Neuron-Efficient Fine-Tuning:
- A binary mask \(M\) is constructed to allow gradient updates only for parameters corresponding to consensus neurons.
- \(\nabla W_m \leftarrow \nabla W_m \odot M\)
- Covers the up, down, and gate projection matrices of FFN layers.
- No additional parameters are introduced — lighter than LoRA.

Loss & Training¶

Standard translation cross-entropy loss with gradient masking. Validated on LLaMA2-7B-Chat, Qwen2.5-7B, and Gemma2-9B.

Key Experimental Results¶

Main Results (De→En, 5 Domains)¶

Method	Trainable Params	IT BLEU	Law BLEU	Med BLEU	Avg.
Base (zero-shot)	0	30.0	44.1	35.5	32.8
Full FT	7B	47.9	47.1	35.3	38.9
LoRA	~20M	35.8	49.9	33.5	36.2
CANEFT	Minimal	Best	Best	Best	+1.3 BLEU

CANEFT outperforms both Full FT and LoRA on both seen and unseen domains.

Key Findings¶

Parameter interference in LoRA is confirmed — training on the Medical domain leads to a notable drop on the IT domain.
Fine-tuning only consensus neurons produces no inter-domain interference and generalizes to unseen domains.
MI-based selection outperforms pure gradient- or activation-based selection, as the latter tends to select domain-specific neurons.
Consistent results across 3 LLMs indicate that the method is robust to model architecture.

Highlights & Insights¶

The concept of "consensus alignment" draws an elegant analogy from neuroscience — group consensus communication maps to cross-domain consensus neurons.
Parameter-free PEFT — lighter than LoRA/Adapter and theoretically less prone to interference.
MI selection criterion design — requiring neurons to be important across all domains rather than any domain effectively prevents domain bias.
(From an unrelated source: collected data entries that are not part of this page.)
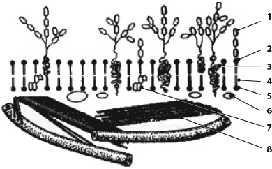 1 – углеводные цепи; 2 – гликолипид; 3 – гликопротеид; 4 – углеводородный «хвост»; 5 – полярная «головка»; 6 – белок; 7 – холестерин; 8 – микроктрубочки
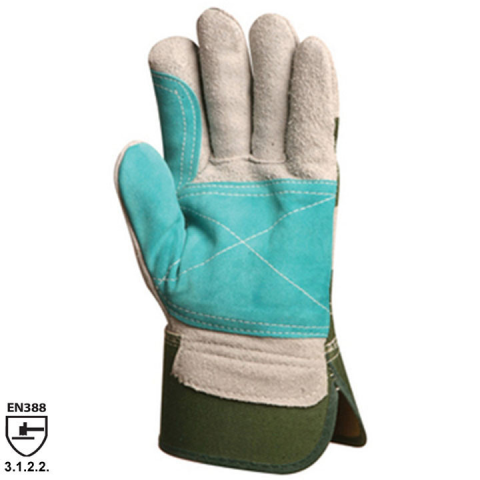 10-es méretű munkavédelmi kesztyű A termék megfelel a EN420, EN388: 3122 szabványoknak. Szürke marhahasíték tenyér Zöld marhahasíték megerősítés a mutató- és hüvelykujjon valamint a tenyéren Erős vászon kézhát és mandzsetta Artéria, köröm és ökölcsontv
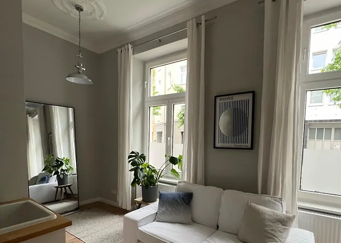 Das 1-Zimmer-Apartment befindet sich im Stadtteil Unterbilk, nicht weit entfernt vom Jan-Wellem-Denkmal entfernt. Es befindet sich in einer Entfernung von 12 Gehminuten vom Heinrich-Heine-Denkmal. Außerdem liegt das Apartment Altbau-Traum im Medienhafen 700 Meter vom Medienhafen.
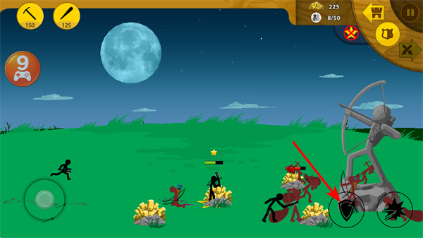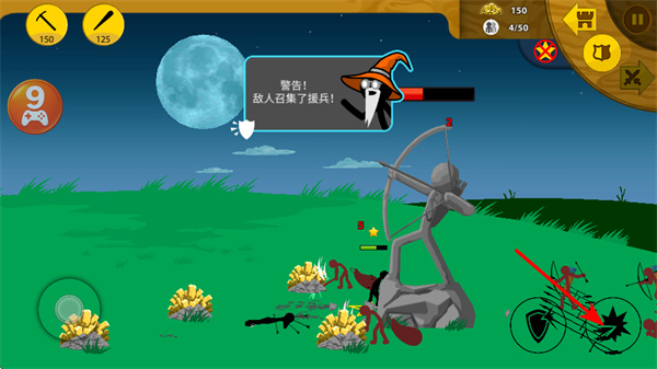 4、在战斗过程中,点击盾牌图标,可让己方火柴人单位进入防御状态,抵御敌方的远程攻击,减少部队伤亡,确保战斗的持续推进,完成目标。

Limitations & Future Work¶

Neuron identification requires forward and backward passes over data from all domains, resulting in non-trivial initialization costs.
The threshold \(\gamma\) requires tuning.
Validation is limited to machine translation; applicability to other multi-task scenarios remains unexplored.
Only FFN neurons are fine-tuned; attention layers are not addressed.
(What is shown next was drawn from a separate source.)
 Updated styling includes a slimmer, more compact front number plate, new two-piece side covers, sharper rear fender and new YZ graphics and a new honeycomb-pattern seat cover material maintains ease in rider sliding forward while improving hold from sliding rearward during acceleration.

vs. LoRA: LoRA suffers from parameter interference; CANEFT avoids this via neuron selection and introduces no additional parameters.
vs. Adapter: Adapter-based methods introduce per-domain modules with costs growing with domain count; CANEFT uses a single unified set of consensus neurons.
vs. Language-Specific Neurons: Methods such as LAPE identify language-specific neurons, whereas CANEFT targets cross-domain consensus neurons — the two approaches have opposing objectives.

Rating¶

Novelty: ⭐⭐⭐⭐ MI-based consensus neuron selection represents a novel PEFT paradigm.
Experimental Thoroughness: ⭐⭐⭐⭐⭐ 3 LLMs, 10 domains, De→En and Zh→En, and generalization to unseen domains.
Writing Quality: ⭐⭐⭐⭐ Clear motivation and complete theoretical derivation.
Value: ⭐⭐⭐⭐ A practical, parameter-free PEFT solution.